> [Work order]
Return all of the data verbatim, dropping any picture.

> [Dataset section]
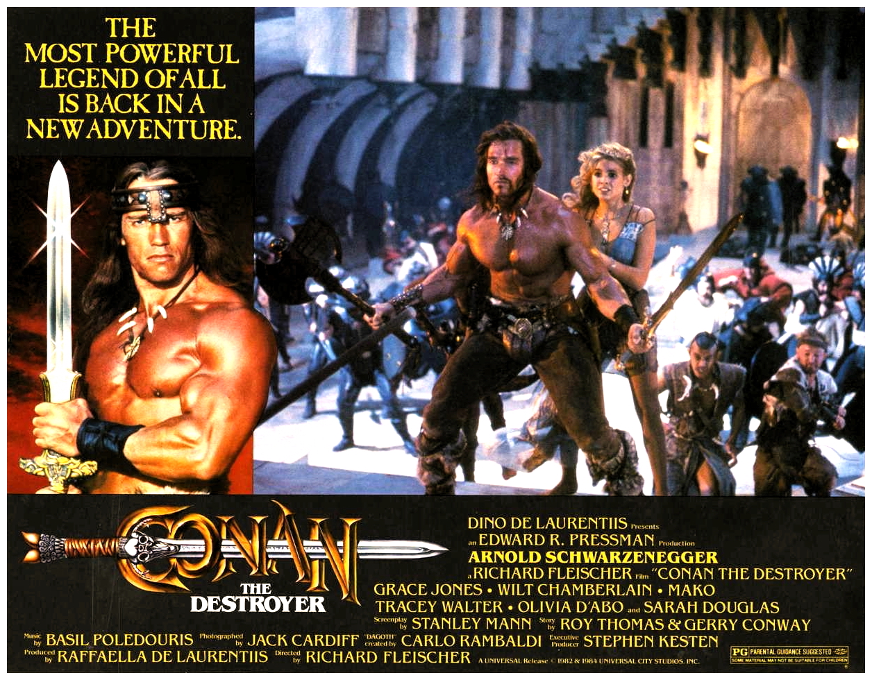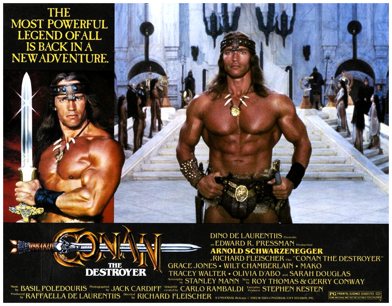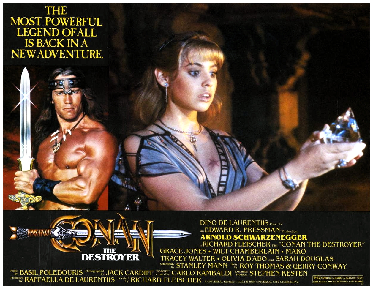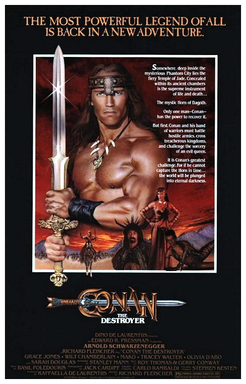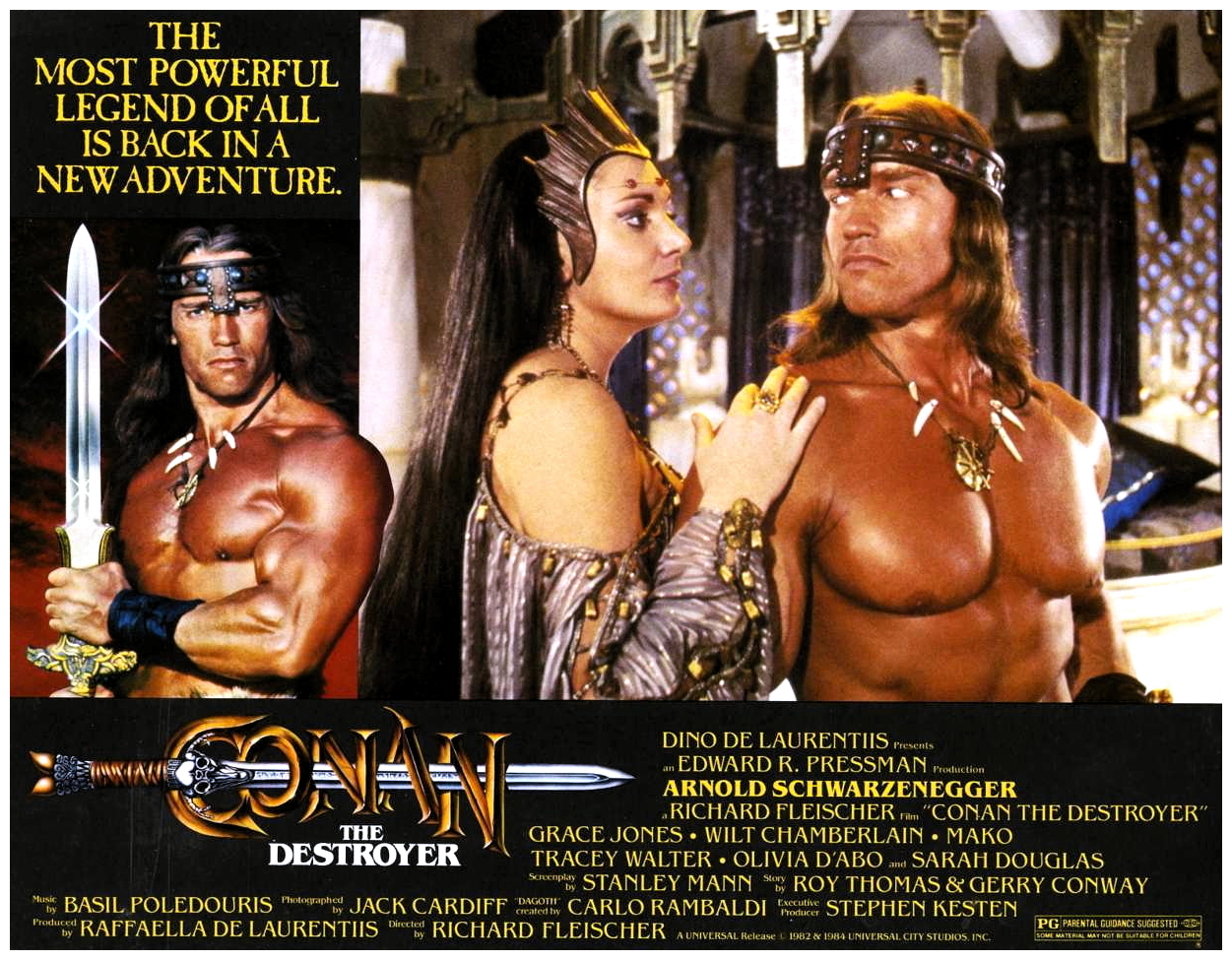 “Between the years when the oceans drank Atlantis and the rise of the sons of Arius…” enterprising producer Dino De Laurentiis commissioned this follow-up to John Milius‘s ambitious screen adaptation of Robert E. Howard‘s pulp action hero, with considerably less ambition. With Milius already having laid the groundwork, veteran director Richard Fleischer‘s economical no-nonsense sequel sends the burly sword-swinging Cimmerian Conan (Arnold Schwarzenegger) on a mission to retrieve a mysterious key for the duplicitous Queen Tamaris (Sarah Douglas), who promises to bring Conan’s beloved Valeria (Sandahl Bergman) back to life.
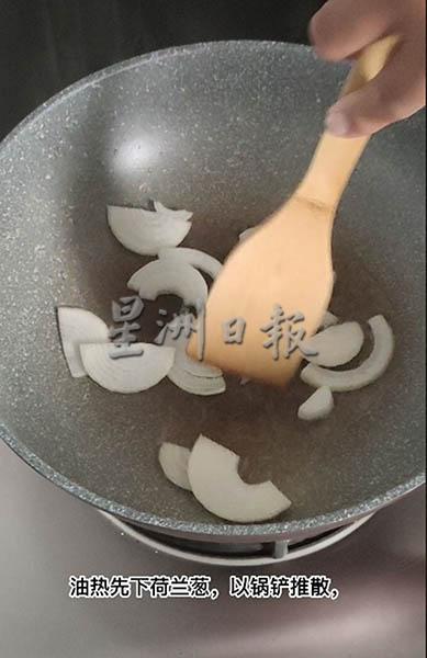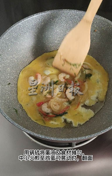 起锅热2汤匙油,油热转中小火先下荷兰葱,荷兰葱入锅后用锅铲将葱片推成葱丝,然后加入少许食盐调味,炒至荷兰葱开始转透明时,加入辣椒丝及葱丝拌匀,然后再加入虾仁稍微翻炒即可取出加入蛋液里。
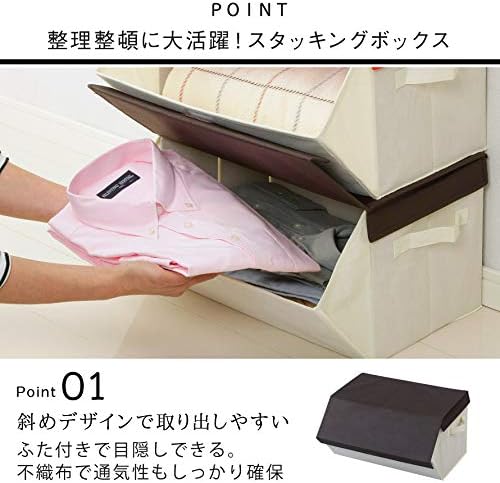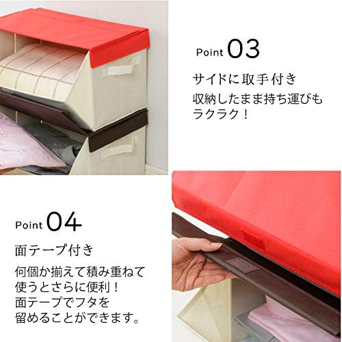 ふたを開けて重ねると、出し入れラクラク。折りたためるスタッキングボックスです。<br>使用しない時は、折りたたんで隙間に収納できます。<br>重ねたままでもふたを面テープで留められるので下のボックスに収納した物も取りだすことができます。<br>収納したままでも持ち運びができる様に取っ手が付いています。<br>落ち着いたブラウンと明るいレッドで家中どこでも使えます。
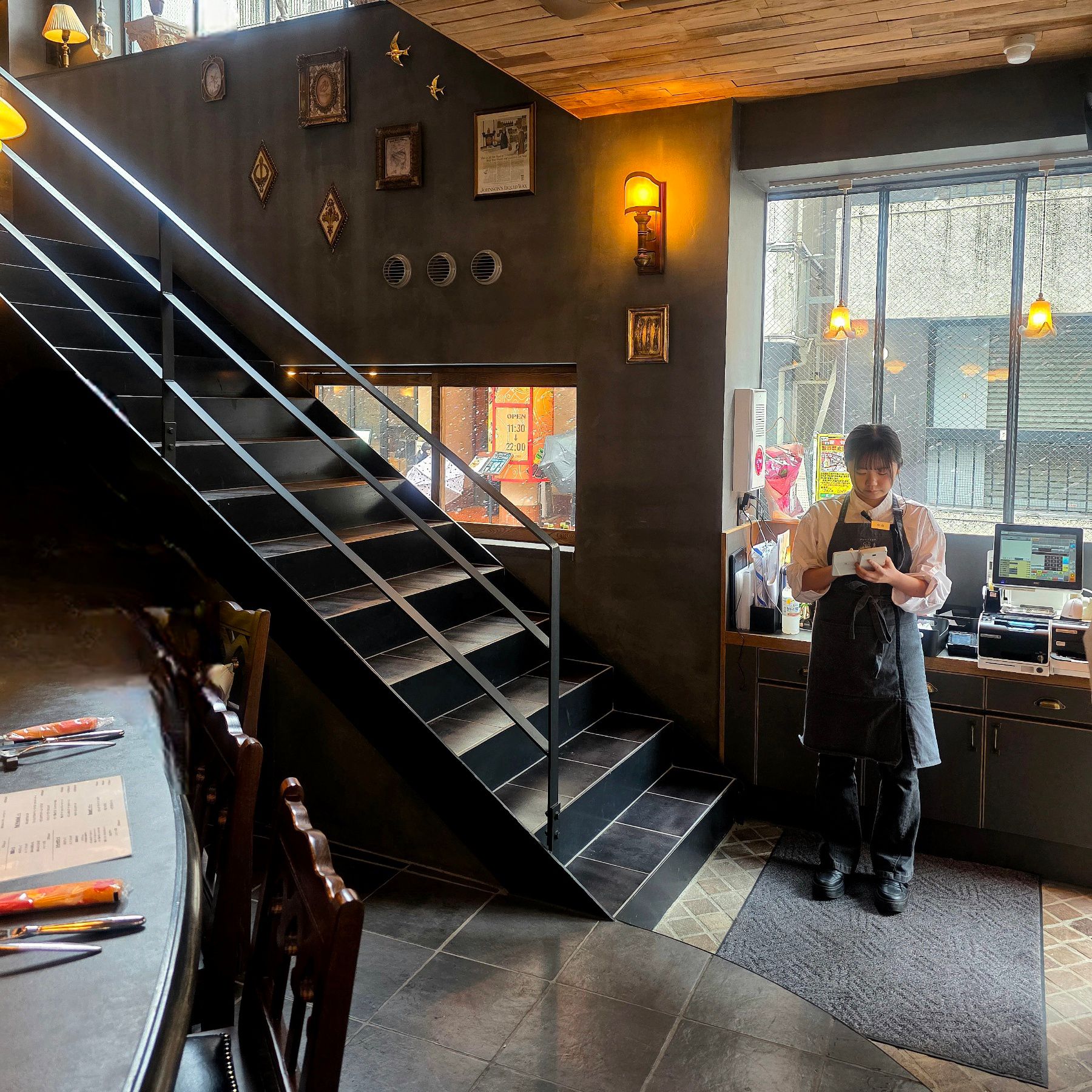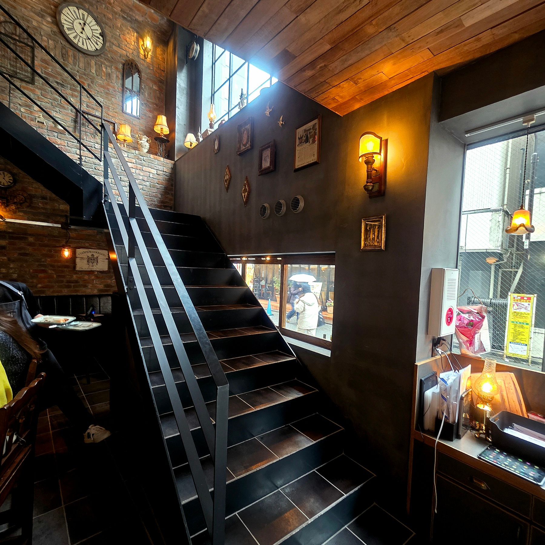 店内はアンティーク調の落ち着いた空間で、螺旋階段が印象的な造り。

> [Task result]
 “Between the years when the oceans drank Atlantis and the rise of the sons of Arius…” enterprising producer Dino De Laurentiis commissioned this follow-up to John Milius‘s ambitious screen adaptation of Robert E. Howard‘s pulp action hero, with considerably less ambition. With Milius already having laid the groundwork, veteran director Richard Fleischer‘s economical no-nonsense sequel sends the burly sword-swinging Cimmerian Conan (Arnold Schwarzenegger) on a mission to retrieve a mysterious key for the duplicitous Queen Tamaris (Sarah Douglas), who promises to bring Conan’s beloved Valeria (Sandahl Bergman) back to life.
 起锅热2汤匙油,油热转中小火先下荷兰葱,荷兰葱入锅后用锅铲将葱片推成葱丝,然后加入少许食盐调味,炒至荷兰葱开始转透明时,加入辣椒丝及葱丝拌匀,然后再加入虾仁稍微翻炒即可取出加入蛋液里。
 ふたを開けて重ねると、出し入れラクラク。折りたためるスタッキングボックスです。<br>使用しない時は、折りたたんで隙間に収納できます。<br>重ねたままでもふたを面テープで留められるので下のボックスに収納した物も取りだすことができます。<br>収納したままでも持ち運びができる様に取っ手が付いています。<br>落ち着いたブラウンと明るいレッドで家中どこでも使えます。
 店内はアンティーク調の落ち着いた空間で、螺旋階段が印象的な造り。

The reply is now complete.